### PROBLEM DETAILS
Below are the records; copy exactly the stretch from the line containing "Whimsical Spring Flower" through the line containing "This colorful and", both ends included, and nothing else.

### RECORDS FOR PROCESSING
==*==

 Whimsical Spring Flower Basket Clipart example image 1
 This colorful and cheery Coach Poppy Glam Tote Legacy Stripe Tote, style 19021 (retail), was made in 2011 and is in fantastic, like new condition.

==*==

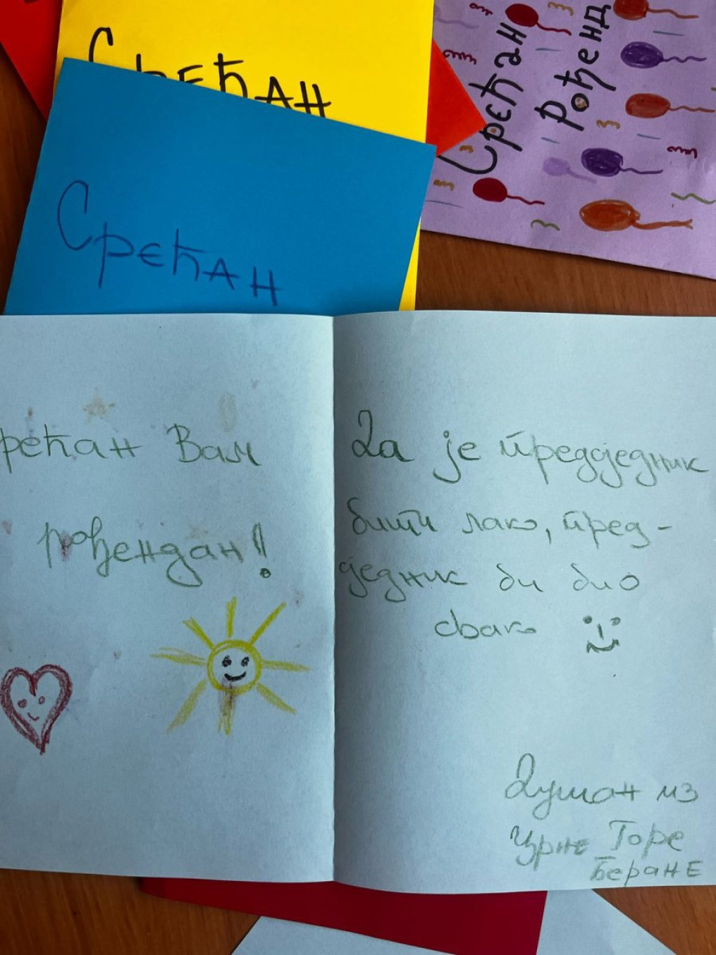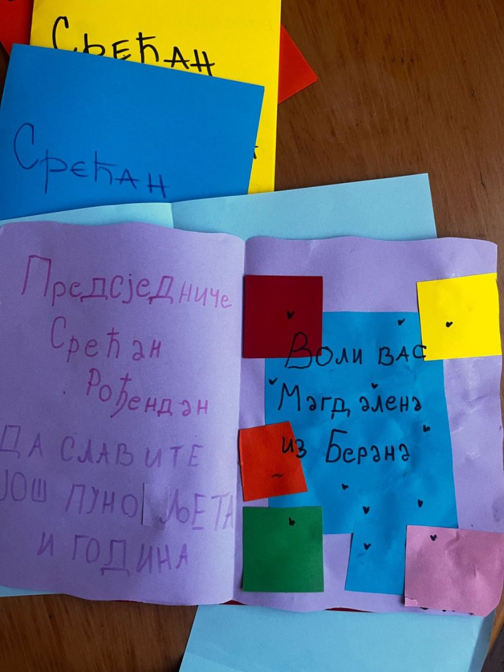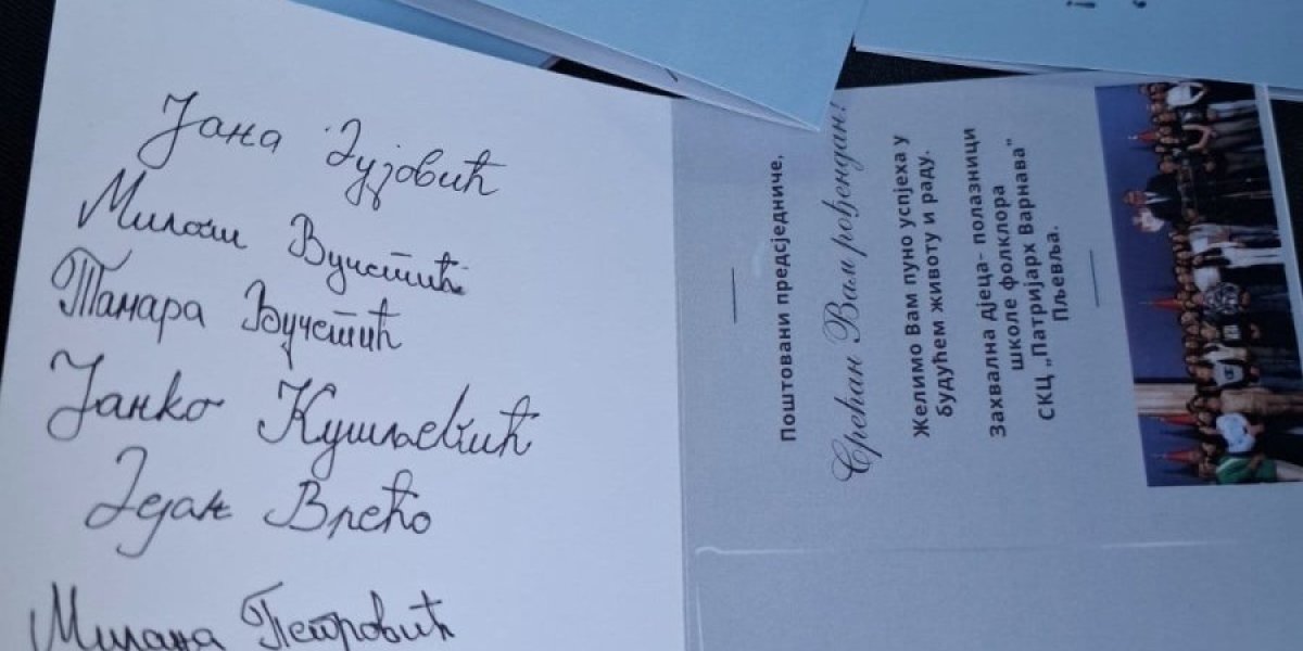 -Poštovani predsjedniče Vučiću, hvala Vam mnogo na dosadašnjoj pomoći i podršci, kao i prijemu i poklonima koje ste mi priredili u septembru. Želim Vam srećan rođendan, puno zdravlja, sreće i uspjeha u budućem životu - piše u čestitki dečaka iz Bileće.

==*==

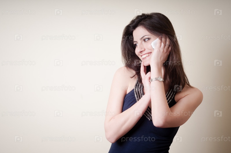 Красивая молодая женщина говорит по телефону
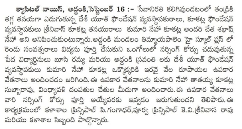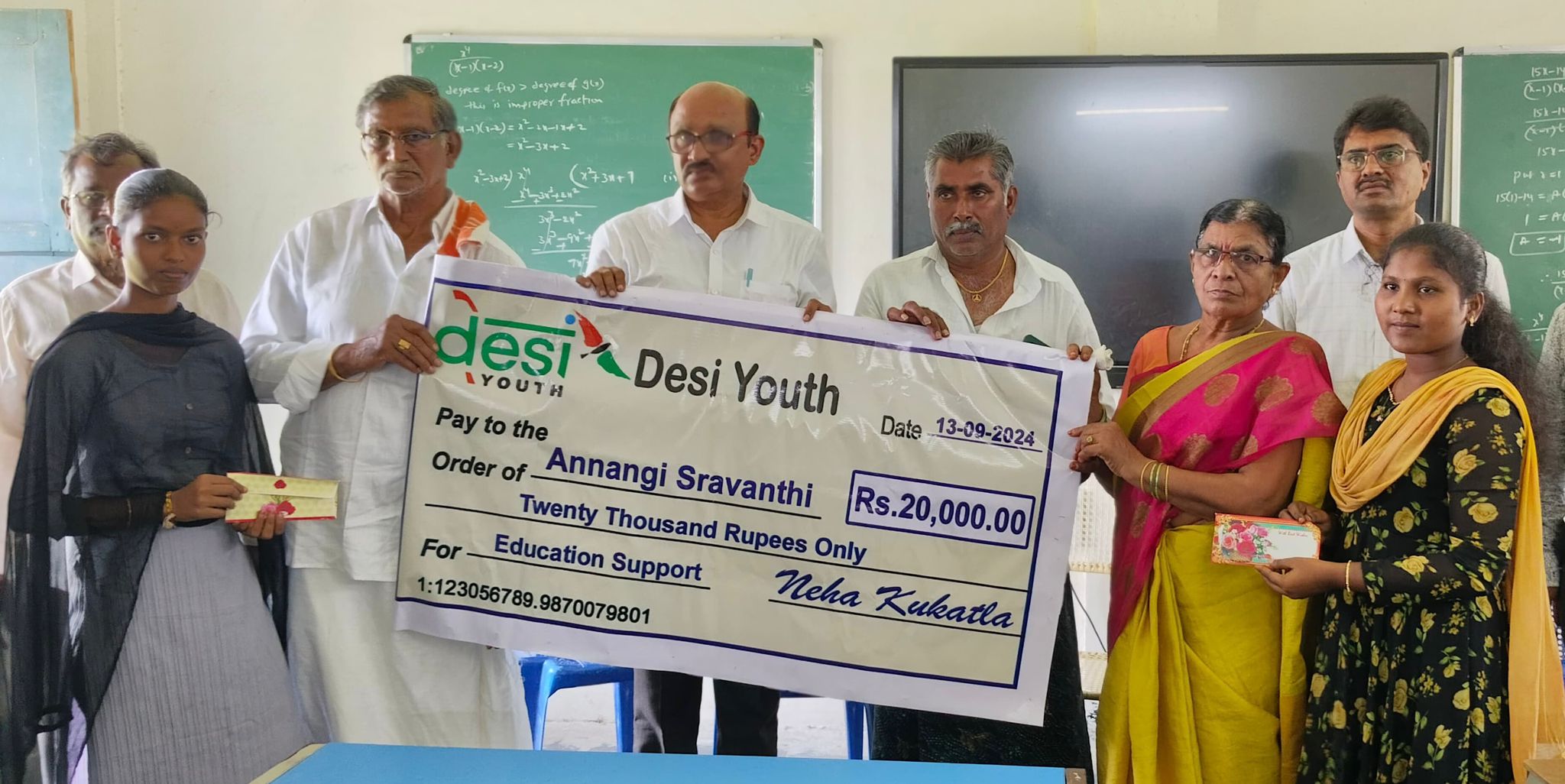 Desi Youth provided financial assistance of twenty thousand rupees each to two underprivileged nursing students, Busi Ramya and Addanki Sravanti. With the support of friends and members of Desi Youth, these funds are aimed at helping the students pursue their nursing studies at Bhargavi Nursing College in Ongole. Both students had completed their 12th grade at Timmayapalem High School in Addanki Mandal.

==*==

### SOLVED PROBLEM
 Whimsical Spring Flower Basket Clipart example image 1
 This colorful and cheery Coach Poppy Glam Tote Legacy Stripe Tote, style 19021 (retail), was made in 2011 and is in fantastic, like new condition.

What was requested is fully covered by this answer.